How GST would affect the Media and Entertainment Industry
GST and its impact on consumers
The finance ministry released the recently released draft of goods and sales tax. And, based on the current scheme of affairs, consumers are expected to pay a service charge tax of around 14.5-15% for all broadcast services like Television that includes Cable and DTH also films and digital content. Besides this, an entertainment tax of around 8-12% is further levied increasing the average tax to as much as 25%
However, once GST comes into play, consumers would have to pay a single tax between that can be anything between 18-20%. Hence, the overall tax burden on consumers is set to reduce.
GST and its impact on Multiplexes and Film Production Houses
GST bill would introduce a nationwide goods and services tax through which multiplexes would be able to evade 27% tax on ticket sale as well as levy on food and beverage revenue. It further states that, Multiplexes would pay a GST tax to the federal government as well.
This could mean a hike of 4-5% on the company’s margin, which used to range between 14 to 18% for the past five years
On the contrary, as per the current laws, film producers are expected to pay exorbitant amounts of money in the form of service tax for processes like theatrical rights, satellite rights, etc.
As soon as GST comes into play, all taxes would come under the same category.
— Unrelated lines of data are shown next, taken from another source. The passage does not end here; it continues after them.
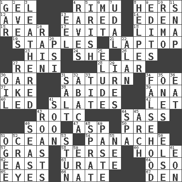 ACROSS 1. Set 4. Tall New Zealand timber tree 8. Possessive pronoun 12. "___ Maria" 13. Having ears or earlike features 14. Locale of original sin 15. Located in or toward the back 17. Webber/Rice musical 18. Pale green bean 19. Paper fasteners 21. Portable computer 23. Part of HMS, perhaps 24. A female animal or person 26. French article 27. Painter Guido (1575-1642) 28. One who doesn't tell the truth 30. Rowing implement 31. Titan orbits this 34. Enemy 37. Mamie's husband 38. Remain 39. Santa ___, CA 40. Directed 41. Chalkboards 42. Allow 43. College mil. group 44. Backtalk 46. "Barney Miller" actor Jack 47. Viper 50. Before (prefix) 51. Seas 54. Flamboyance 57. Pate de foie ____ 58. Laconic 60. Opening into or through something 62. 90 degrees 63. A salt of uric acid 64. Bear (Spanish) 65. Sight organs 66. Nathan's nickname 67. Lair DOWN 1. Slender fish 2. Nights before holidays 3. Resembling or made to resemble leather 4. All-night dance parties 5. From or relating to Ireland 6. Was introduced to 7. Allodial 8. Aide 9. Proofreads 10. San ____ (Riviera town) 11. Fastener 13. Snakelike fish 16. Precipitation 20. 23rd letter of the Greek alphabet 22. Actor Alda or Thicke 25. Dodge 27. Libertine 29. Angers 30. Lubricate 31. Table seasoning 32. Phillipine bananalike plant 33. Teat (slang) 34. It jiggles the polygraph 35. Washington bills 36. Erode 41. Within a short period 43. Cooks with dry heat, as in an oven 44. Health resort 45. Bowlike part 46. Gospel singer Marvin 48. Small fatty European fish 49. Thick mixture 51. Double curve, resembling the letter S 52. Supercomputer manufacturer 53. Astound 55. Born 56. Otherwise 59. Period 61. A really long time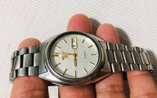 ???...Seiko 5 Automatic หน้าขาว ลายผ้า Day/Date ...???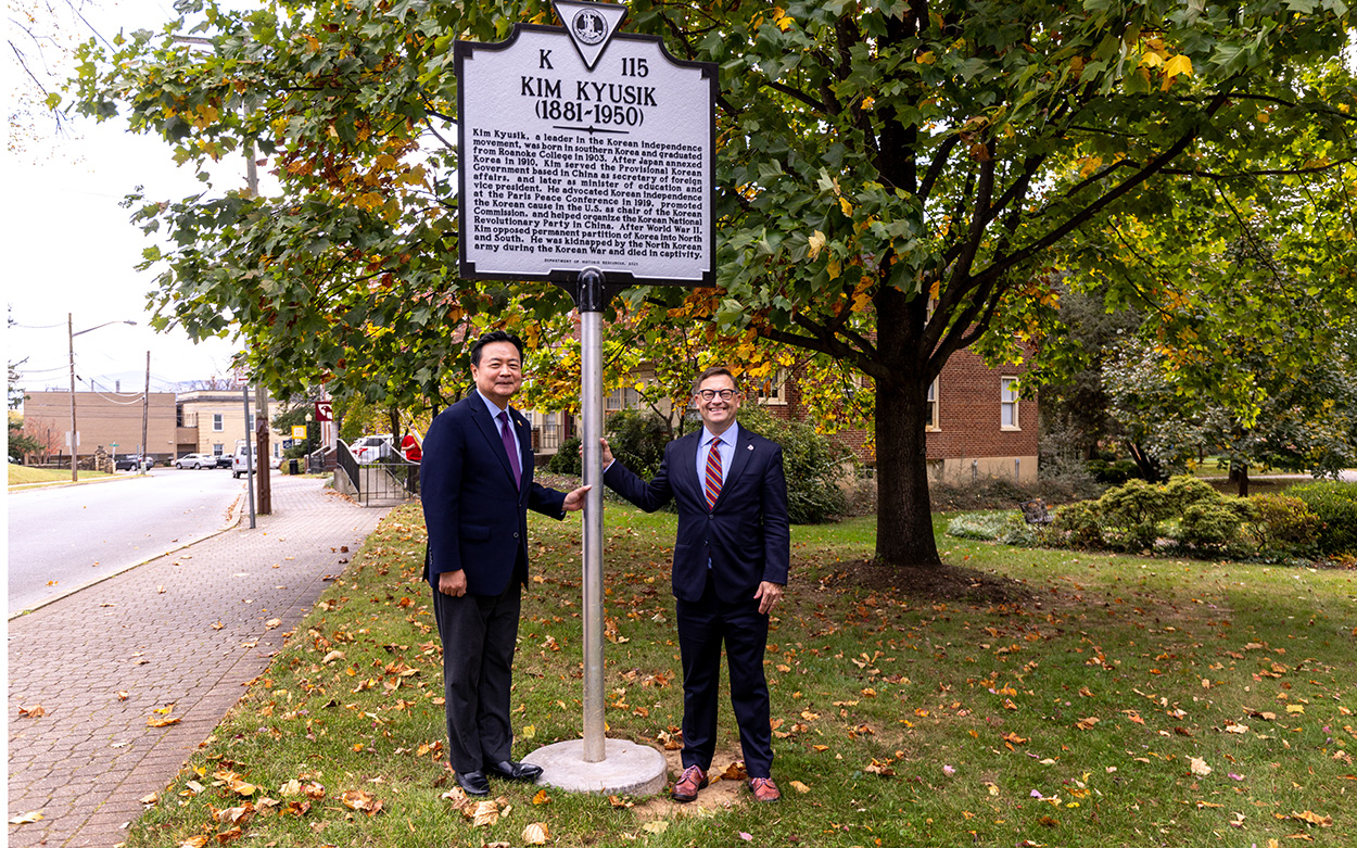 Ambassador Cho and President Shushok stand at the Kim Kyusik Virginia historical marker.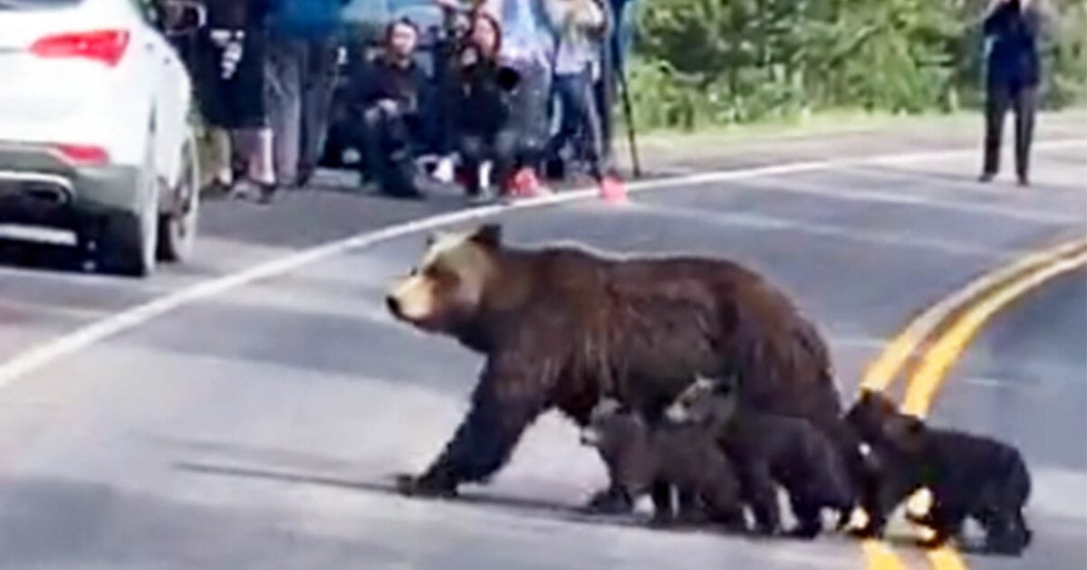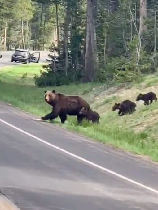 Det var en helt vanlig dag i delstaten Wyoming i USA sommaren 2020 som en björnfamilj fångades på bild när de skulle passera vägen.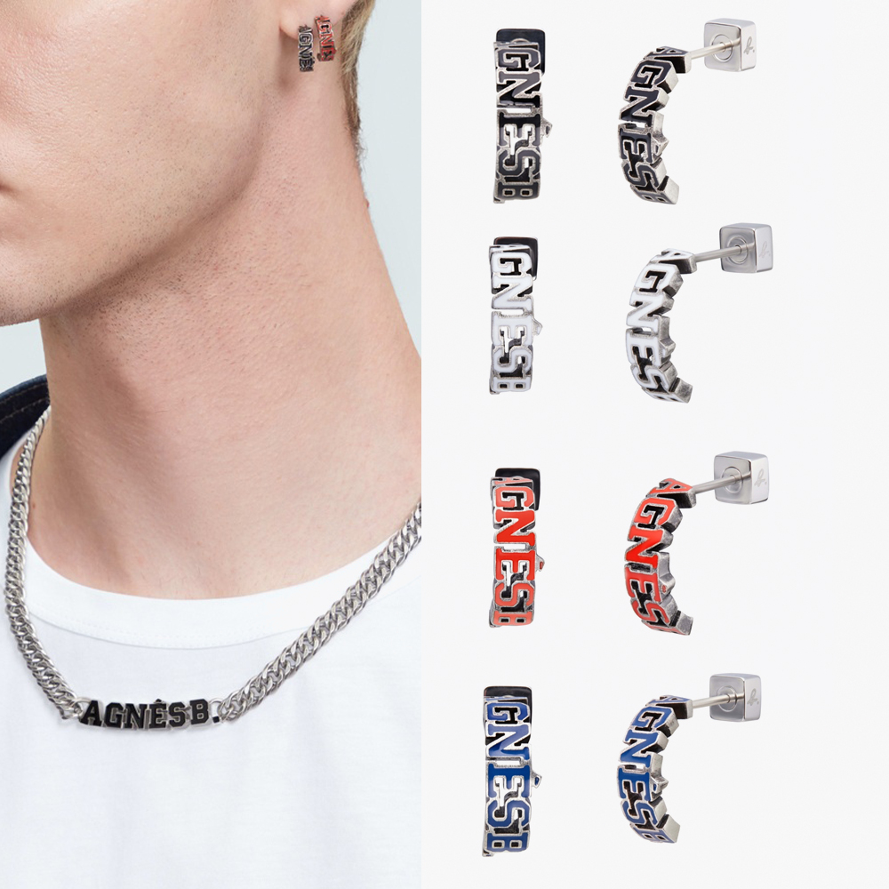 【agnes b.】男款 白鋼字母耳環單耳(多款)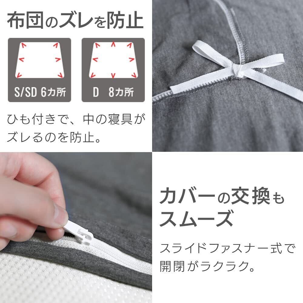 アイリスオーヤマ シワ軽減 肌になじむ天竺編み掛け布団カバー セミダブル 濃淡2色の杢表現 落ち着いた色合い Tシャツ/タオルケットのような肌触り 高い伸縮性でシワになりにくい 長く使える 生地の縮みや型崩れ防止に 洗濯機で丸洗いOK ズレ防止6ヶ所紐付き ダークグレー KKC-TCK-SD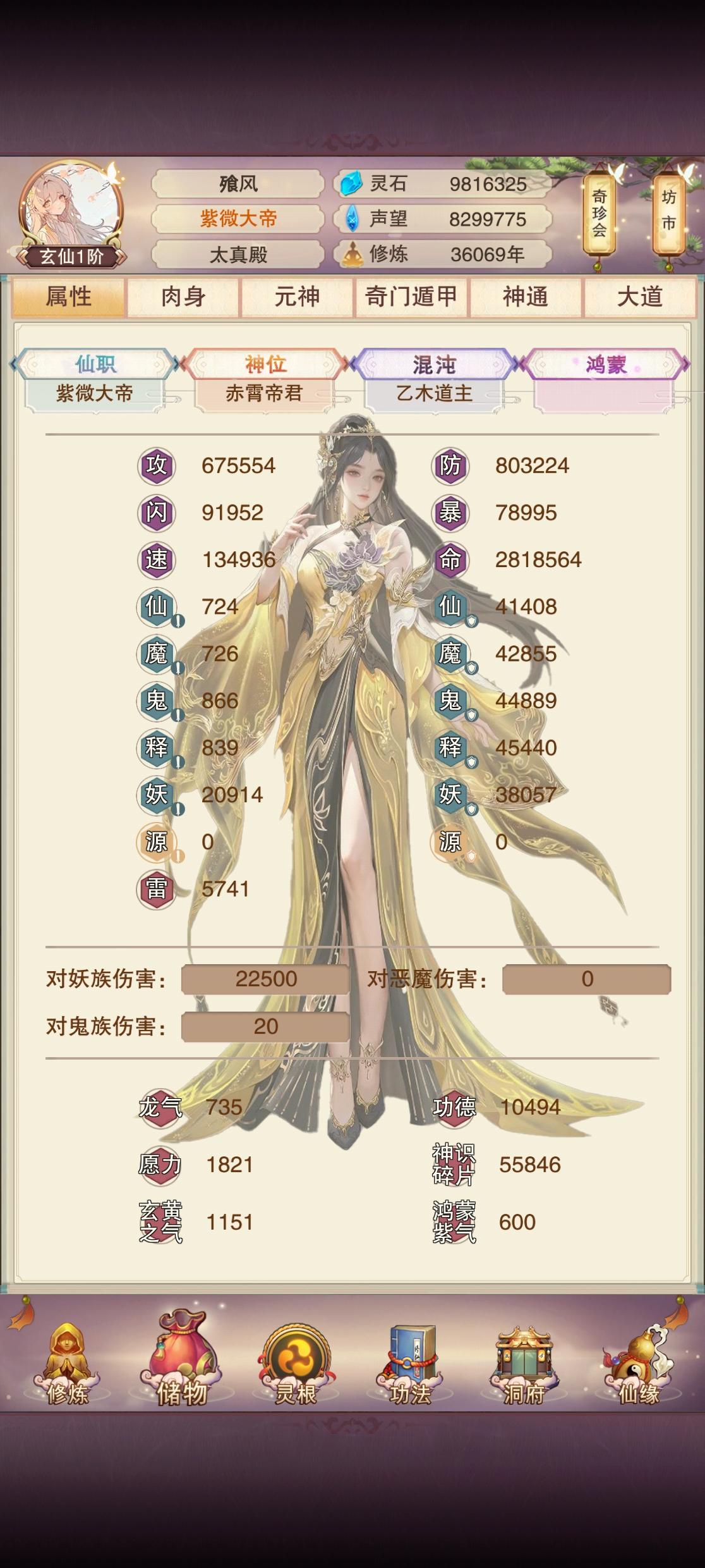 时隔2月(大概)防御属性破千万;上台感言:有一说一其实快坐化了,游戏看的少了关注的也少了唯一的乐趣就是在群里和道友们插科打诨吃吃瓜,如果没有昨天这个更新爆料那大概率,千万属性以后就坐化了。修为方面:彻底放弃修为(因为没用了),五转渡劫丹我都不买了,紫气留着(大用,根本不够用);属性方面:由于阿鬼的产能太低,使得我对游戏没有盼头(例如:夕阳游戏谁敢充钱)。所以氪金很早就已经停了。接下来目标是吃
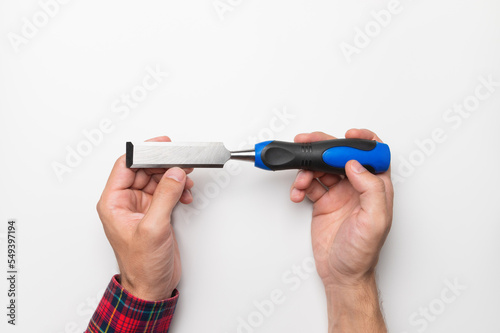 Carpenter's hands Close-up of a man's hands in a plaid shirt on a white background with a chisel, studio shot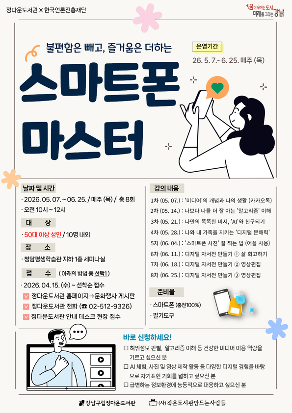 | 행사명 | 정다운 [대면][기관연계] 불편함은 빼고, 즐거움은 더하는 <스마트폰 마스터> |

The bill would also benefit multiplexes that are currently dealing with tax processes from different states of the country. This means that the tax rates would go down and the profits for companies would shoot up. Also, the hassles of dealing with several state Governments with varied rules would be solved for good.
To conclude, the proposed GST module sounds flawless on paper, but in actuality, its efficiency is still unknown. Also, a major fear with the GST module is that it would allow local municipalities to decide the tax rate on movies. But on a general note, the bill would most likely do a lot more good than harm, as it would basically empower both the centre and the states to levy GST.
This can’t be done now as the centre cannot impose any sort of tax on goods beyond the manufacturing process, while the state cannot tax services. GST would include central excise duty, additional excise duty, service tax, countervailing or customs, etc. as well as State level indirect taxes like VAT/sales tax, entertainment tax, luxury tax, octroi, entry tax, etc.
Once the bill is rolled-out, there will only be a single national level GST and a state level GST spanning the entire value chain for all goods and services with some exceptions.